General Idea
MATLAB is a high-level scientific computation environment with its own programming language. Many projects use MATLAB to build data analysis tools and libraries. However, using MATLAB code from different projects in one data analysis stream often requires substantial programming efforts. This may not be too difficult for experienced programmers, but it certainly is a problem for scientists that want to analyse their data in MATLAB without being experts in programming. This batch system tries to address these issues in a generic way:
- To end-users, it provides a convenient way to create templates for recurring data processing tasks either using a GUI or MATLAB command line syntax. The templates can be re-used efficiently to analyse large datasets in a consistent way. All settings and parameters are documented within the templates for future reference or to re-run an analysis.
- To programmers, it provides a structured language to describe inputs to their data processing programs. This language is encoded in MATLAB objects. Programmers can add constraints and consistency checks for these inputs. The batch system will only run an algorithm if the inputs are all available and meet the consistency criteria. Therefore, the algorithms itself can be freed from code that checks input completeness or consistency.
This Wiki describes three aspects of the batch system, which reflect the different levels at which one may want to interact with the system:
- User interface
- Running the GUI
- Creation of batch jobs for applications using matlabbatch
- Batch management, batch execution, including use of MATLAB scripts to run batch jobs on multiple datasets with very little user interaction
- Application development
- Requirements on code structure of application
- Introduction to internal representation of batch configurations
- Introduction to writing batch configuration scripts
- Integration of an application into configuration management and GUI
- Implementation
- Classes used
- Methods
- Details about job management, runtime etc.
Terminology
- An application is a collection of program modules that are related to each other.
- A program module is a MATLAB function that performs computations on its structured input data and returns some output.
- The batch interface describes the input to each module in terms of configuration items (cfg_items).

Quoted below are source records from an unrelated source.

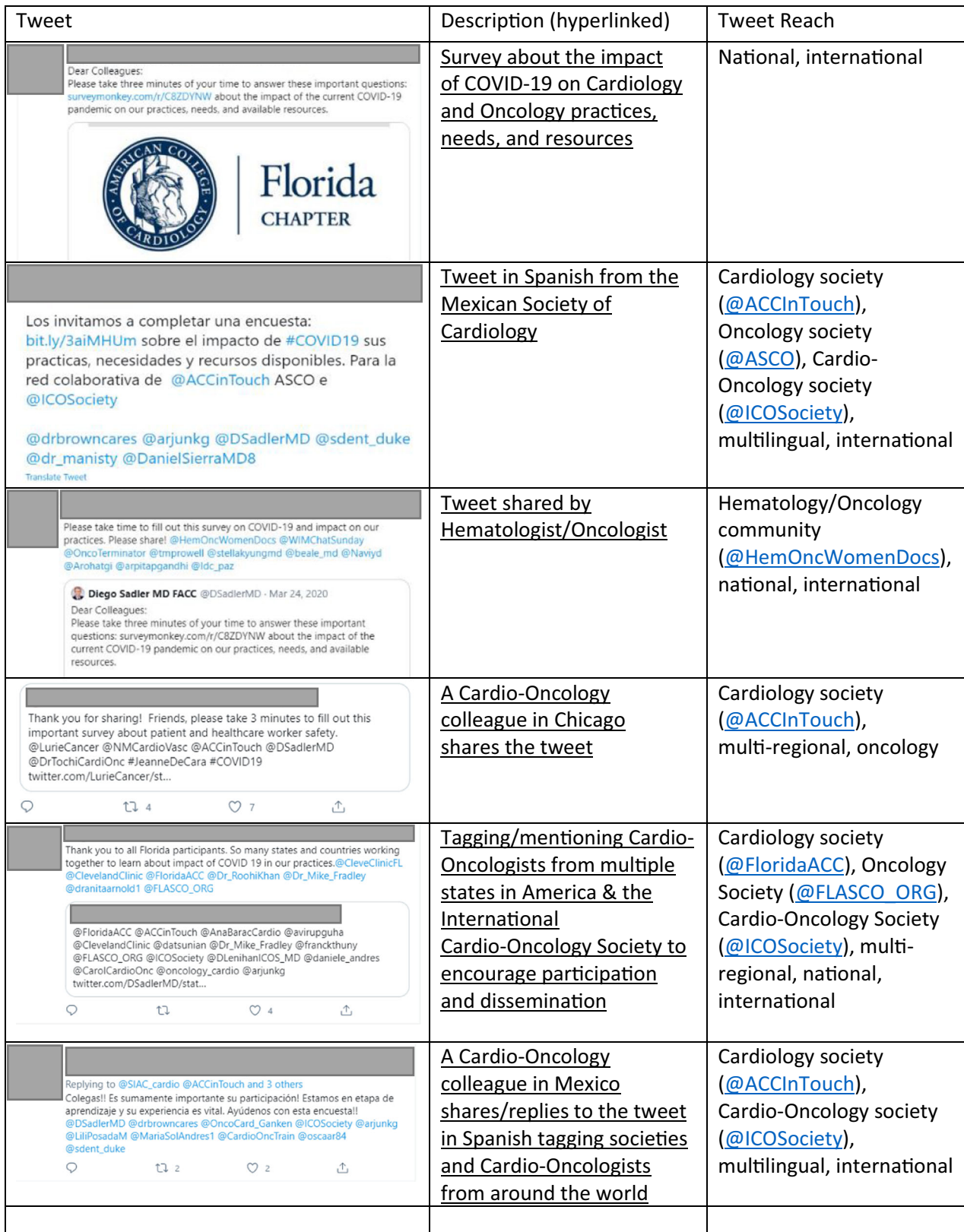
Table 2 Tweets disseminating the survey in English and Spanish nationally and internationally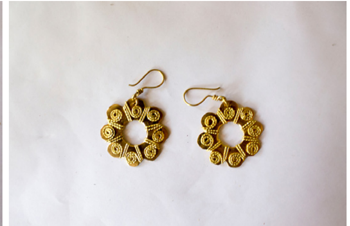
Earrings made by using floral design.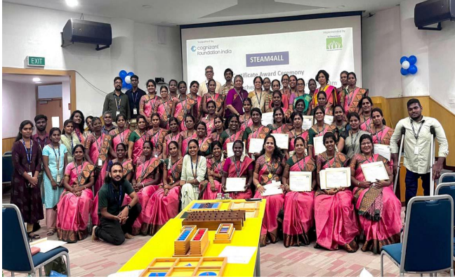
Montessori training Certificate Awardees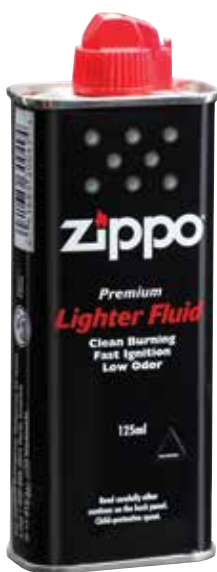
3141EX Lighter Fuel 4 oz. Shipping carton of 96.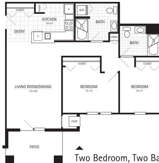
Two Bedroom, Two Bath 910 Square Feet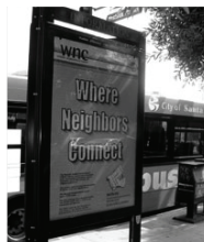
Bus Stop Posters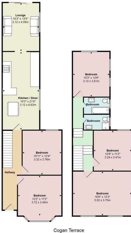
Total Area: 1377 ft² ... 127.9 m²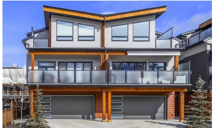
WELCOME TO UNIT 1 AT 826 7TH STREET IN CANMORE ALBERTA

With four spacious bedrooms and four luxurious bathrooms, this home is designed for comfort and convenience. Three of the bedrooms feature their own ensuites, ensuring privacy and luxury for each resident or guest. Whether you're waking up to a mountain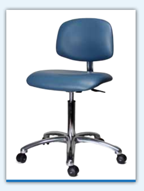
Cat. No. 14359970 - Desk Height SEAT HEIGHT: 19"-24"

Class 100 Clean Room chair, available in all standard colors.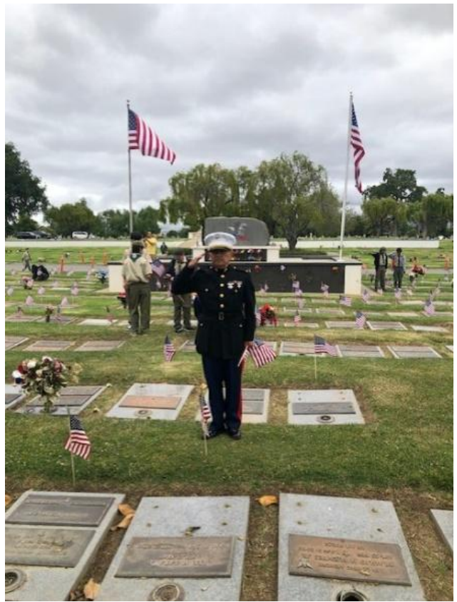
Ch 63 Oak Hill Cemetery Memorial Day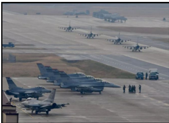
Image: Chinese media reporting noted a recent "large-scale exercise" held in Guam intended to test the "Agile Combat Employment" concept and maintain military superiority in all parts of the world. (Source: 163.com ).

It is important to understand how America's adversaries are perceiving and planning to counteract ACE. This article analyzes the People's Liberation Army's (PLA) publicly available assessment of ACE. Although there is a dearth of sources, the available information shows that the PLA perceives exploitable weaknesses in ACE.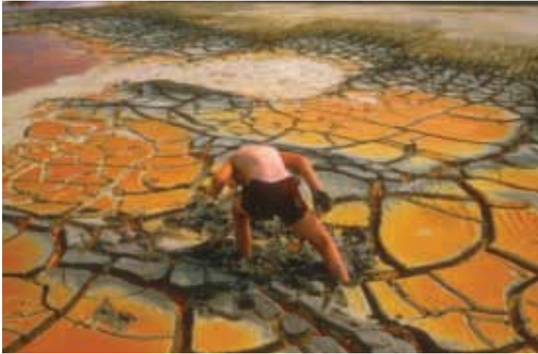
Pollution from copper mine in Bulgaria.

to be effective and efficient, it must consciously integrate the environment into its planning and management mechanisms.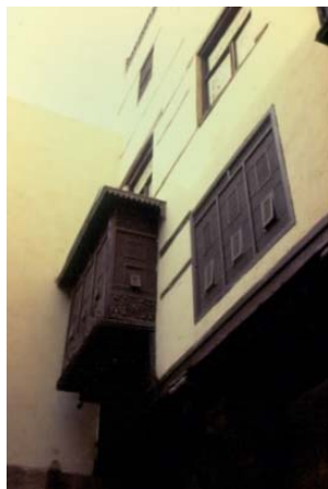
Fig. 5 The Mashrabiya

climate, in addition to the influence of Somali traditions, since the area is fronting Somali on the Red Sea (Figs. 6 and 7).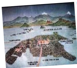
This is a picture of Tenochtitlan

The traditional architecture of México is built with bricks of sun-dried pecina , or mud called adobe . Along with the mud, grass is added for strength. When building,

- In a less formal way, the outputs of a module are declared by virtual outputs (vout). Virtual, because these output items will not yet be computed at batch configuration time.
- The configuration items are organised in a tree-like structure, the configuration tree.
Getting Started
Configuration File Examples
Some examples of configuration files are included in matlabbatch itself:
- There is a small toy example, that does some simple calculations but is powerful enough to demonstrate both batch creation and configuration creation. The files can be found in the "examples" folder.
- There is a collection of useful input modules, which provide a shared data source to application specific computation modules, and a collection of output modules, which collect data from computations to save them to disk or to MATLAB workspace. This application is added to the configuration tree by default through the included cfg_mlbatch_appcfg.m file. The code lives in the "cfg_basicio" folder.
- The configuration data structures have been described itself in terms of batch modules. This allows to create batch configurations for new applications without writing configuration files by hand, just by plugging the input structuring items together in the batch GUI. This application can be found in the cfg_cfg folder. It is not added to the configuration by default. To add it, it is necessary to run "Add application" from the GUI and point to conf_gui/cfg_confgui.m or include the cfg_confgui folder in the MATLAB path and then run cfg_util('addapp', cfg_confgui).